Edward para o carro em uma rua escura retira seu cinto de segurança e olha para Isabella
- Você tem medo agora? Ele pergunta enquanto traz o corpo dela para seu colo Bella já sente a excitação em seu corpo. – Tem medo de ser minha Isabella? Ou gosta de me pertencer? Ele acaricia os cabelos castanhos.
- Eu gosto de lhe pertencer, e quero sempre pertencer ao Senhor. Bella toma a iniciativa de beija-lo com furor e desejo, os dois queimam um pelo outro.
- Me desculpe por fazê-lo esperar tanto e pelo Senhor ter procurado um remédio genérico para aplacar suas frustrações, mas agora dispõe do original em sua vida, e eu não pretendo mesmo sair. Ele toma novamente os lábios de Isabella num beijo cheio de desejo e começa a acariciar os seios dela ainda por cima da roupa.
- Minha deliciosa submissa está conseguindo tirar todo o foco da conversa. Ele segura o rosto dela entre as mãos impedindo-a de continuar a provoca-lo.
- Eu só desejo que o Senhor me fôda aqui. Ela diz com a voz embargada de desejo não conseguindo segurar seu corpo que teima em mexer-se em cima da ereção dele.
- Por mais que deseje não farei isso Isabella. Ele segura a cintura dela fazendo-a parar. – Estamos quase chegando em casa e você ainda precisa me contar algumas coisas sobre o que ocorreu com Samantha. Ele a coloca novamente no banco do carro e ajeita sua ereção, tinha que controlar o forte desejo que sentia agora, tinha várias coisas a fazer quando chegassem à cobertura e não podia tomar Isabella rapidamente, queria poder ficar com ela sem pressa nenhuma por isso teriam que esperar para mais tarde.

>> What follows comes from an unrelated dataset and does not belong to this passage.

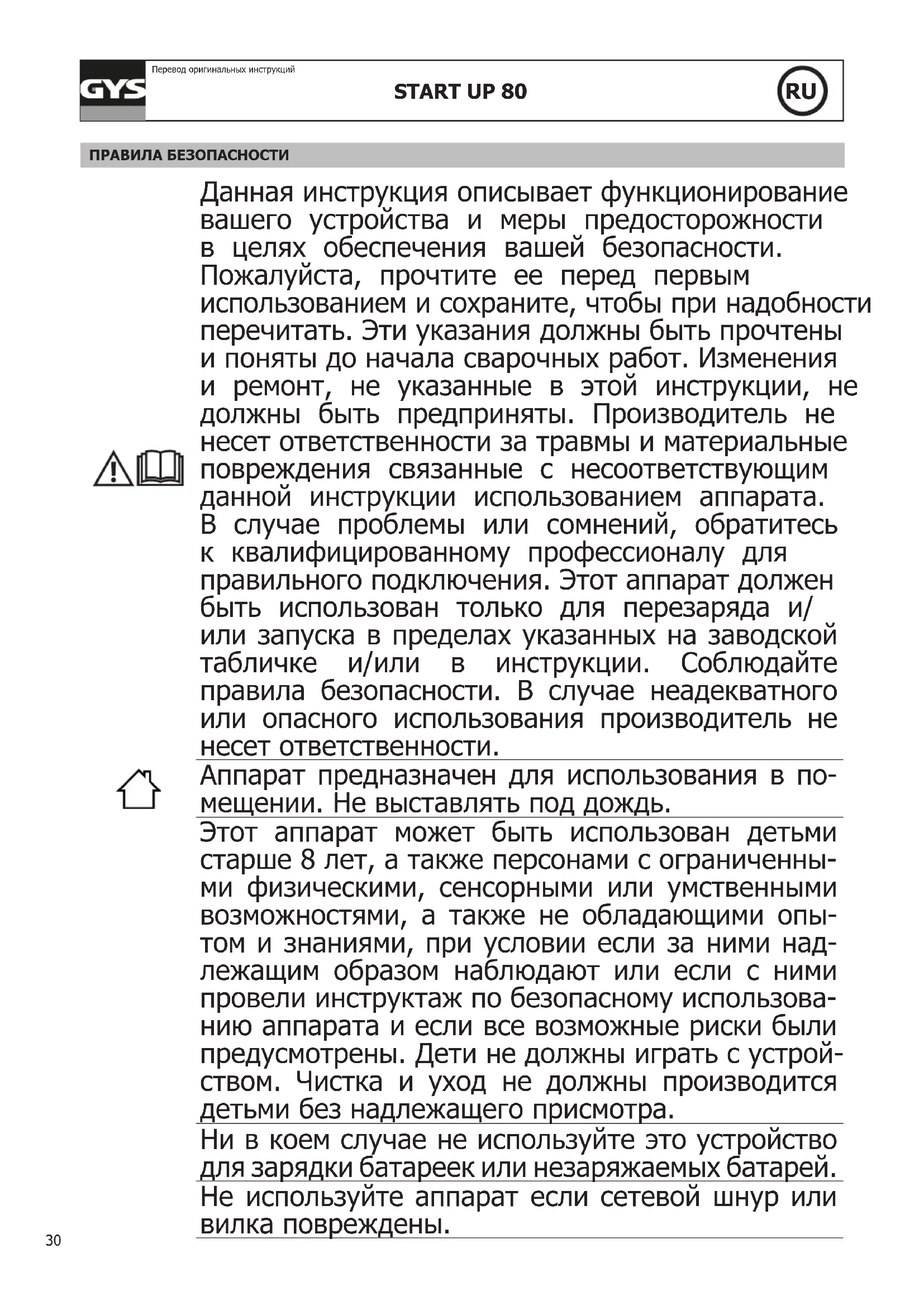Перевод оригинальных инструкций ПРАВИЛА БЕЗОПАСНОСТИ Данная инструкция описывает функционирование вашего устройства и меры предосторожности в целях обеспечения вашей безопасности. Пожалуйста, прочтите ее перед первым использованием и сохраните, чтобы при надобности перечитать. Эти указания должны быть прочтены и поняты до начала сварочных работ. Изменения и ремонт, не указанные в этой инструкции, не должны быть предприняты. Производитель не несет ответственности за травмы и материальные повреждения связанные с несоответствующим данной инструкции использованием аппарата. В случае проблемы или сомнений, обратитесь к квалифицированному профессионалу для правильного подключения. Этот аппарат должен быть использован только для перезаряда и/ или запуска в пределах указанных на заводской табличке и/или в инструкции. Соблюдайте правила безопасности. В случае неадекватного или опасного использования производитель не несет ответственности. Аппарат предназначен для использования в по- мещении. Не выставлять под дождь. Этот аппарат может быть использован детьми старше 8 лет, а также персонами с ограниченны- ми физическими, сенсорными или умственными возможностями, а также не обладающими опы- том и знаниями, при условии если за ними над- лежащим образом наблюдают или если с ними провели инструктаж по безопасному использова- нию аппарата и если все возможные риски были предусмотрены. Дети не должны играть с устрой- ством. Чистка и уход не должны производится детьми без надлежащего присмотра. Ни в коем случае не используйте это устройство для зарядки батареек или незаряжаемых батарей. Не используйте аппарат если сетевой шнур или вилка повреждены.31 START UP 80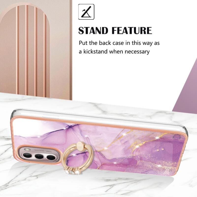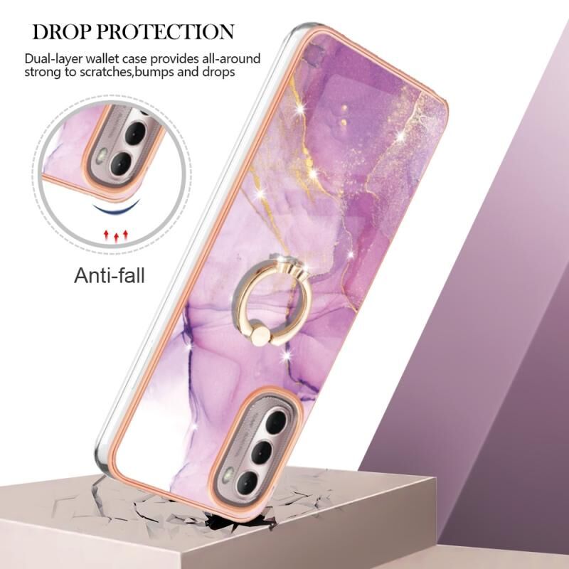 Θήκη κινητού τηλεφώνου TPU με σχέδιο μαρμάρου και ηλεκτρολυτική επικάλυψη για Motorola Moto G Stylus 2022 με δακτύλιο (Μωβ 001)

Edward coloca o carro em movimento e Isabella diz
- Bom já que é assim continuarei a contar. Ela controla a respiração e continua. – Depois que eu disse que nós dois estávamos juntos, ela começou a falar da minha mãe, começou a chama-la de prostituta barata, e ainda falou sobre minha mãe não saber nem mesmo o nome do meu pai, falou sobre minha avó ter a expulsado de casa por ser uma verdadeira vergonha para a família, então eu perdi calma e bati nela por diversas vezes, eu a fiz engolir cada palavra, e ela como uma cadela ordinária apenas chorou. Bella não contem o sorriso de satisfação em seu rosto.
- Ah e é claro que deixei vários arranhões no rosto dela, e acho que marcas roxas também. Bella ri sendo acompanhada por Edward.
- Eu não esperava menos de você minha gata brava. Ele diz em tom de orgulho e riso imaginando a cena, só não gostava do fato de sua Bella ter saído machucada desta briga, porem gostaria de ver sua gatinha em ação.
- Não gosto quando falam da minha mãe dessa forma. Ela diz e sente a raiva crescer.
- Eu sei cisne, eu teria feito à mesma coisa. Ele beija devagar os lábios dela, estava mesmo orgulhoso da bravura de sua garota.
- Agora vamos subir. Ele diz quando chegam ao prédio onde moram.
Edward a ajuda a sair e abraça até chegarem à cobertura, Bella durante todo o percurso segura forte a cintura dele, para poder sentir o calor e o cheiro do homem que ama, estava mesmo morrendo de saudades dele e não via a hora de ficarem sozinhos. Assim que os dois entram em casa se deparam com Sue que sorri vendo o modo como seu patrão estava abraçado a sua menina, nada poderia deixa-la mais feliz do que ver Edward apaixonado.
- Sue prepare uma refeição para Isabella e leve para o quarto. Edward ordena, afinal não queria ver sua submissa doente, seu dever era cuidar dela.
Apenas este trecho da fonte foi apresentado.